Мы встречались утром в холодной столовой. Николай Арсеньевич был рад и остывшему омлету, и явно вчерашней запеканке. Низко наклонялся над тарелкой, боясь уронить мимо хоть крошку. Видел он плохо и иногда просил меня подать ему хлеба.
Потом, если не было дождя, мы шли на набережную, проходили мимо причала, базарчика, площади, обувного магазина… Николай Арсеньевич рассказывал о себе охотно, но с удивительным для его возраста и его актерской профессии юношеским смущением. Никакого бахвальства. Он даже краснел иногда, вспоминая свои детские проступки или романы с девушками в тридцатых годах.
Теперь, как наступает осень и в затон уходят теплоходы — почти мимо моего дома, — я вспоминаю Николая Арсеньевича. Как он смотрел на стынущую под пасмурным небом Волгу, как в погожие часы сидел на причале, как застенчиво рассказывал о своей жизни.
…— Не помню, сколько лет мне было тогда, но вот помню, как сон. Отца перевели с одного парохода на другой. Может, там капитан заболел или что-то еще случилось, но произошло это среди навигации. Никогда не говорили «лето», всегда — «навигация». И вот, помню, матрос меня на руках переносит с одного парохода на другой. А на чужом пароходе страшно. Я вцепился в матроса, вот заплачу… Но тут папа меня забирает у матроса. Папа был невысокого роста, худенький. Сердцем слабый. Я так похож на него и характером, и лицом.

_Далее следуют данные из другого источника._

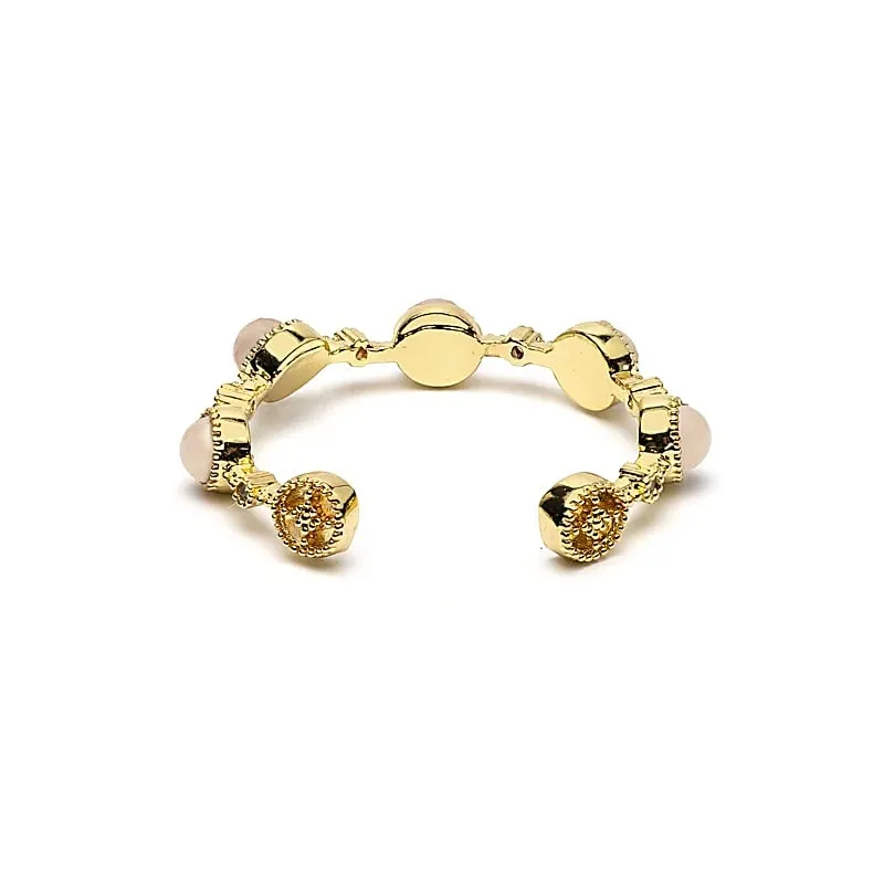Voeg een subtiel en betekenisvol accent toe aan je sieradencollectie met deze Open Ring met zeven rozenkwarts steentjes. De ring heeft een goudkleurige afwerking en een verstelbaar open ontwerp, waardoor hij comfortabel en geschikt is voor verschillende maten. Perfect om te combineren met andere edelsteen-accessoires of als elegant statement-sieraad.

Отец до революции служил у Марии Капитоновны Кашиной. У нас в доме так и бытовало: «Марья Капитонна, Марья Капитонна…»
Жили мы в селе Кадницы, это пятьдесят пять километров вниз по Волге от Нижнего. Луга километра полтора, потом река Кудьма течет. Вот там брод и село. Внизу — дома, на большой горе — лес. Из окна Волгу видно…
Пристань была, там местные приставали. Астраханским то ли мелко было, то ли пристань мала, но не приставали. И отец не приставал. Чтобы передать нам продукты, он высвистывал лодку. Определенные свистки выделывал.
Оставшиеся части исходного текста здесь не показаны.